Nia Christopher

Personal information
- Full name: Nia Raisa Christopher
- Date of birth: 2 May 2001 (age 25)
- Height: 1.65 m (5 ft 5 in)
- Positions: Forward; midfielder;

Team information
- Current team: FH

Youth career
- 201?–2020: The John Carroll Patriots

College career
- Years: Team / Apps / (Gls)
- 2020–2023: Towson Tigers / 66 / (41)

Senior career*
- Years: Team / Apps / (Gls)
- 2023–2024: Eagle FC / 24 / (15)
- 2024–2026: Fort Lauderdale United / 15 / (0)
- 2026–: FH / 0 / (0)

International career^{‡}
- 2018: Bermuda U17 / 3 / (0)
- 2020: Bermuda U20 / 1 / (1)
- 2018–: Bermuda / 8 / (6)

= Nia Christopher =

Bermudian footballer

Nia Raisa Christopher (born 2 May 2001) is a Bermudian footballer who plays as a forward or midfielder for Besta deild kvenna club FH and the Bermuda national team. She played college soccer for the Towson Tigers before starting her professional career with USL Super League club Fort Lauderdale United FC.

==Early life and education==
Christopher was raised in the Devonshire Parish and began playing football at age four. Her parents sent her to the United States at age 15, and she initially studied in Georgia for one year.
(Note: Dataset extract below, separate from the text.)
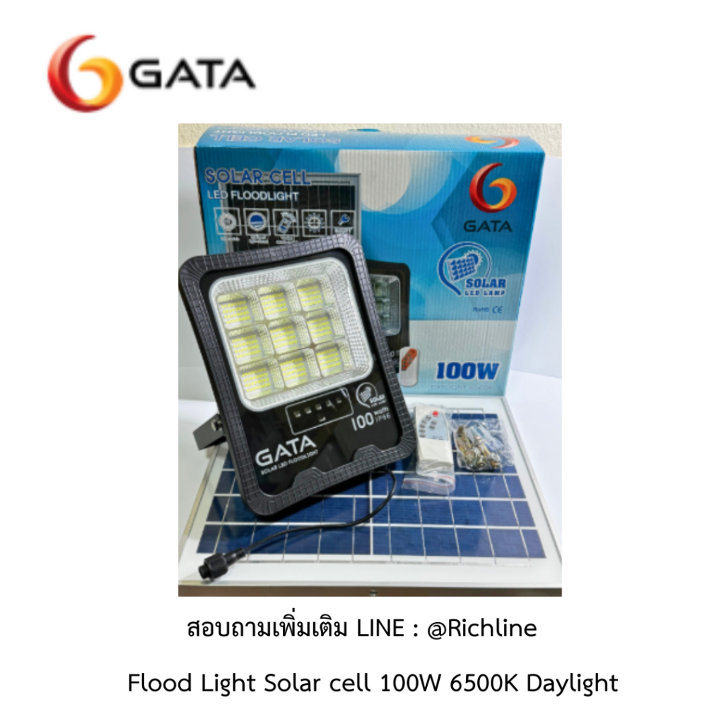 GATA โคมไฟ Flood light Solar cell 100W 6500K Daylight

Christopher transferred The John Carroll School in Bel Air, Maryland, where she became a two-time All-Interscholastic Athletic Association of Maryland selection.

==College career==
Christopher attended Towson University in the United States.

==Club career==
Christopher signed with Fort Lauderdale United FC in May 2024. Mostly a depth player, she made 15 appearances (1 start) across one and half seasons for Fort Lauderdale before departing from the club on a mutual contract termination in February 2026.

In March 2026, Christopher joined Icelandic side FH ahead of the club's 2026 Besta deild kvenna season.

==International career==
Christopher represented Bermuda at the 2018 CONCACAF Women's U-17 Championship and the 2020 CONCACAF Women's U-20 Championship. She capped at senior level during two CONCACAF W Championship qualifications (2018 and 2022).

Christopher scored a hat-trick in a 6–0 win against the Cayman Islands on February 22, 2022.

==Personal life==
Her father, D. Lloyd Christopher, played football at American International College and represented the Bermuda national team before becoming general secretary of the Bermuda Football Association and president of the Bermuda Referees Association.